Ron Wolforth Interview - Part 3
Monday, September 24th, 2007Wolforth shared some of the drills that he uses at the academy which specifically address the mental toughness development of his pitchers.
“We will do competitive bullpens in which you compete with the guy next to you. Kind of like dueling bullpens. We will do a series of fastball, curveball, changeups, where the fastball has to be to the extension side, then the breaking ball has to be in for a strike, then the changeup has to be in for a strike. We will have team A and team B compete against each other with some extra conditioning on the line. We play that the first team to ten points wins. The first guy from each team will throw a fastball, if it is a quality pitch, the next guy on our team will throw the curveball. If that is a quality pitch, the next guy will throw the change. If that is a quality pitch the next guy will throw the fastball again. If someone missed the pitch the next guy gets to throw it. It is very much like the basketball game pig but for pitchers. The nice thing is that the pitcher never knows what pitch they will be throwing until they toe the rubber because the previous pitchers pitch dictates what the next guy throws. It is very game like.”
“The competitiveness of the game builds in the game like pressure and the pitcher also has the time to process their pitch in between pitchers and think about what has just happened. They don’t have much time to get frustrated with a bad pitch and we view frustration as a focus on the problem. Once they start thinking of the solution, the problem goes away. They don’t have time to focus on the problem. Much like in a game, they have to make minor adjustments and then get back on the bump and deliver.”

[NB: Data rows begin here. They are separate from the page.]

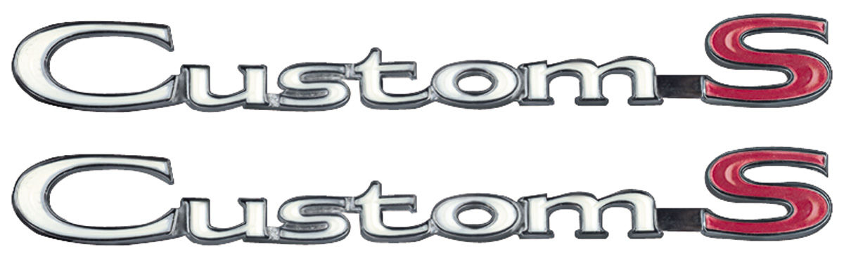 Precise "Custom S" nameplate is guaranteed in fit and finish. Bold baked-on enamel off-white (like factory) paint and brilliant red "S" rounds out this detailed reproduction.
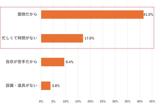 自炊の頻度を月「0回」と答えた53名にその理由を聞いたところ、1位は、「面倒だから」(41.5%)でした。次いで、「忙しくて時間がない」(17.0%)という結果でした。
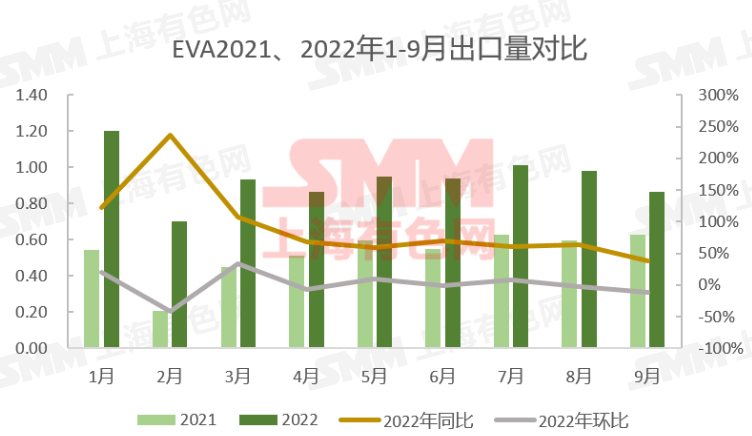 EL測試儀市場顯示:2022年9月EVA進口11.81萬噸,同比增加36%,環(huán)比增加19.43%。今年累計進口86.43萬噸,同比增加14.67%。2022年9月出口0.87萬噸,同比增加37.68%,環(huán)比減少11.54。今年累計出口EVA 8.45萬噸,同比增加79.03%。

“We also let the guys talk trash to each other to try and simulate what they might get in a game from the other team or from hostile fans. Some nights we don’t let them make any sounds or talk at all. We can also have the catchers squeeze them to death to simulate the tight umpire and that gives us a chance to really see how the pitcher will respond to a tight ump in a game. We can then coach them on how they should respond. There is a lot of variation with this drill and a nice thing to is that we can go through 6 pitchers bullpens in about the time it takes to do two or three, and it is much more focused and competitive. We will also chart and track how long it takes them to get to their ten points and we can evaluate them that way as well so that the pitcher walks away from the bullpen with solid objective information. You might have lost the game, but you went from taking 25 pitches to get your 10 points, to only needing 14 pitches. That also reemphasized the process over the outcome because in this game, you can only control what you do. We call that the process.”
“One of the nice things that happens is when our pitchers start to lose control and blow up during some of these competitive drills, our older and more mature pitchers will go over, put there arm around the guy and tell him ‘hey, here is what is happening’. When they hear it from a peer it is much more meaningful than when it comes from me or another coach. And I think that happens in great college and high school programs.”
“We are also big on gathering objective information. We feel that you can’t improve unless you know where you currently are and have something to compare your performances against. The pitcher can see with the radar gun or with charting that there is accountability to what we do, and we feel that they respond much better to objective data than subjective data, or us telling them, ‘hey that was a good pen today’. They want us to prove it to them with the numbers and the facts.”
Wolforth emphasizes the process over the outcome with his pitchers. He stressed that because the pitcher has complete control of the process he should spend the majority of his time focusing on that which he can control. He also indicated that like a good physical skill, the mental game takes a while to develop and is something that we are always working on.
“The mental game is just like going into the weight room and doing the bench press. You wouldn’t go into the weight room, bench for 15 hours and expect to walk out being a lot stronger and feeling confident that you have a great bench press. The mental game is a process. You might be weak at first like you would in a bench press, but if you can work the process and stick with it, you will build a foundation and get stronger, just like you would if you lifted consistently over a longer period of time.”
“A lot of times the mental toughness gets to be a story in of itself. People will start to think of mental toughness as something that you have or you don’t and I don’t think that is true. I think that mental toughness is something that you are always growing in. It is something that you need to build. For example Roger Clemens and my 8 year old son can both improve their mental game today. Too often we label people as being mentally weak. I think we all have a mental game and some of us are further down the path of developing those skills than others.”
“I don’t view it as here is your diploma and you have graduated from the mental game. It is something that you are always working on and some days you have better days than others, just like with physical skills. I find that those pitchers and coaches, who think they are at the top of their class, probably will find out that they are in the wrong class. The mental game is a lifelong process and mental skills are skills that athletes will use well beyond their baseball careers.”